Objective: To analyze the dosimetry of low-level laser therapy in the healing process of venous ulcers. Method: This is a protocol for systematic review registered in the International Prospective Register of Systematic Reviews under registry code CRD420211256286. Articles will be searched in 11 databases using Portuguese, English, and Spanish languages. The export of publications will follow the steps of study identification, selection, and data extraction. Disagreements will be resolved by consensus among reviewers; if they persist, a third reviewer will be consulted to decide whether to include the material. The Risk of Bias 2 (RoB 2) tool will be used to assess the validity of randomized clinical trials, while the Risk of Bias in Non-randomized Studies of Interventions (ROBINS-I) tool will be used to assess the risk of bias in non-randomized clinical trials. The critical analysis of selected materials on dosimetry of low-level laser therapy for venous ulcer healing will result in a narrative synthesis without meta-analysis.
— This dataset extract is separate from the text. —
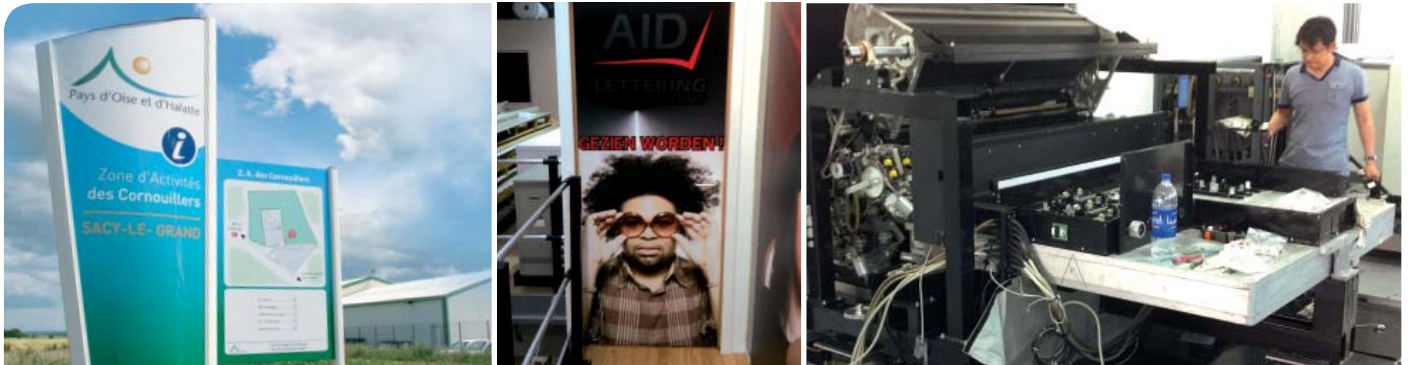
De gauche à droite : Zone Artisanale Les Cornouillers/ Impression réalisée avec une imprimante numérique pour une utilisation industrielle / Montage d'une imprimante numérique par l'entreprise Digilarger.

Nous vous proposons de découvrir les deux nouvelles sociétés qui s'implanteront prochainement sur le site.

Descriptors: Low-Level Light Therapy; Varicose Ulcer; Systematic Review.

INTRODUCTION

The increase in longevity, the chronicity of diseases, and the incidence and prevalence of skin problems make venous ulcers (VUs) one of the most relevant public health issues worldwide(1). They are characterized by circumscribed or irregular loss of epidermis and dermis, potentially extending into the subcutaneous tissue, and account for 70% to 90% of lower extremity ulcers, with a lifetime prevalence of 0.1% to 2% in the global population. However, this number may be underreported(2). The gold standard for treating VU is elastic or inelastic compression(3). However, treatment can last more than 12 months, negatively impacting patients' quality of life and high healthcare costs(4). Therefore, there is interest in using lasers to treat VUs. Low-level laser therapy (LLLT) shows promising results in patients with ulcers(2). Its use is safe and valuable in wound treatment due to its wound-healing, anti-inflammatory, analgesic, and edema-reducing effects, reducing the recurrence rate of deep ulcers(5-6). In addition, a systematic review of the effects of LLLT on ulcers due to diabetic vasculopathy suggests that adjuvant therapy may improve neovascularization and minimize the risk of complications(7).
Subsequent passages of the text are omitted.